• **YOUR TASK**
Could you print the listing again exactly, omitting the pictures?

• **SUPPLIED DATA**
%%
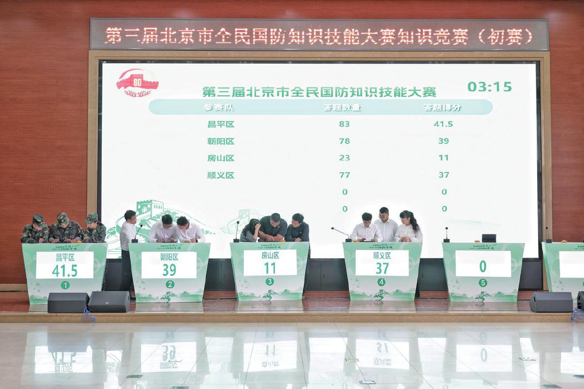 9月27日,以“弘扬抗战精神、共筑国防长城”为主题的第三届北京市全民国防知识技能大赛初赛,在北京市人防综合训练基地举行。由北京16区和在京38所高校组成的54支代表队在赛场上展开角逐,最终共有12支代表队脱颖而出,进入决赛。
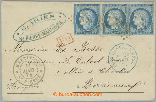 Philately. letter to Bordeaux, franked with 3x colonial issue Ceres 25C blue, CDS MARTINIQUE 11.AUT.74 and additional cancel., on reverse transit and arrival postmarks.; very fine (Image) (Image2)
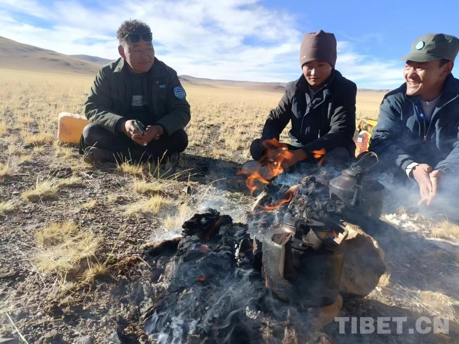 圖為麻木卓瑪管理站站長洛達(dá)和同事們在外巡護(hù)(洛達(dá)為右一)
%%
• **RESPONSE AREA**
 9月27日,以“弘扬抗战精神、共筑国防长城”为主题的第三届北京市全民国防知识技能大赛初赛,在北京市人防综合训练基地举行。由北京16区和在京38所高校组成的54支代表队在赛场上展开角逐,最终共有12支代表队脱颖而出,进入决赛。
 Philately. letter to Bordeaux, franked with 3x colonial issue Ceres 25C blue, CDS MARTINIQUE 11.AUT.74 and additional cancel., on reverse transit and arrival postmarks.; very fine (Image) (Image2)
 圖為麻木卓瑪管理站站長洛達(dá)和同事們在外巡護(hù)(洛達(dá)為右一)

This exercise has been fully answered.